Ken Schrad, our director of public information, had a great line, and I wish it were mine, but I can’t plagiarize.

So here is Ken’s line: “When you come to the Va. SCC, you better bring facts, not press releases” – and I would add, not political or ideological narratives, and not so-called studies that through an amazing coincidence always seem to line up exactly with the monetary interests of the groups who paid for the studies.

And I fervently hope – not only as a soon-to-be former SCC commissioner, but as a citizen of Virginia -- that long after I’ve gone, this Commission will continue to be both independent and honest in its defense of the public interest.

As a regulator we can never forget that on every case there are many people in the public who aren’t represented by lawyers in this courtroom, and they depend on this independent commission to protect their interest.

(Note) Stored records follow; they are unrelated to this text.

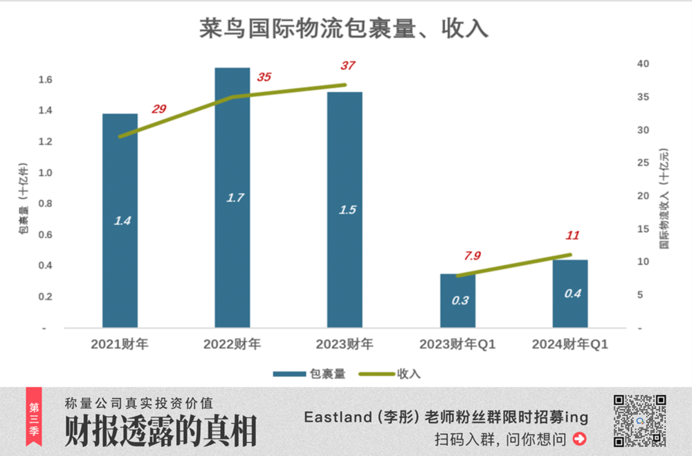 2023财年(截至2023年3月31日),菜鸟国际物流收入369亿件、包裹量15.2亿(顺丰同期国际包裹量6800万件)。2024财年Q1(2023年4月1日~6月30日),国际物流收入111亿、包裹量4.4亿件(顺丰同期国际包裹量2000万件)。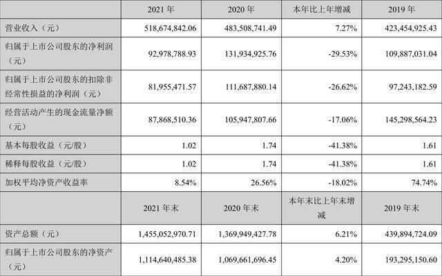 截至2021年末,公司经营活动现金流净额为8786.85万元,同比下降17.06%;筹资活动现金流净额-5108.89万元,同比减少7.75亿元,主要原因是2021年上市收到的募集资金所致;投资活动现金流净额-3.49亿元,上年同期为-4.31亿元。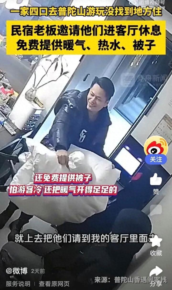 2月12日晚間,凌晨普陀山溫度還是很冷,鄭先生凌晨到公廁解手,發現公廁大廳內有三名遊客蜷縮着,被夜晚寒風凍得瑟瑟發抖,鄭先生上前詢問四名遊客情況,他們是一家四口來普陀山旅遊,沒有訂到酒店,準備在廁所度過一夜,鄭先生很同情遊客難處,立馬邀請三名遊客到自己民宿大廳住宿,給遊客提供沙發、躺椅、被子、熱水,開足暖氣,讓他們好好休息一下,遊客一家四口甚是感激,提出要付錢,民宿老闆鄭先生說這哪能收錢呀,我要收你們錢,就不會叫你們來客廳住啦,第二天凌晨五點,一家四口疊好被子,告別鄭先生。

And I will take this lesson to FERC as well.

The worst thing about COVID is that I would have loved to have gone through each one of our 11 floors here at the SCC and personally thanked our staff in each division, but COVID makes that impossible.

Now to all the staff here at the SCC, past and present, who have served with me, and to my fellow commissioners, past and present, I say thank you for 17 wonderful years!

Goodbye and I’ll see you on the trail ahead!

And now I’ll turn the gavel over to my friend and successor as chair, Judy Jagdmann.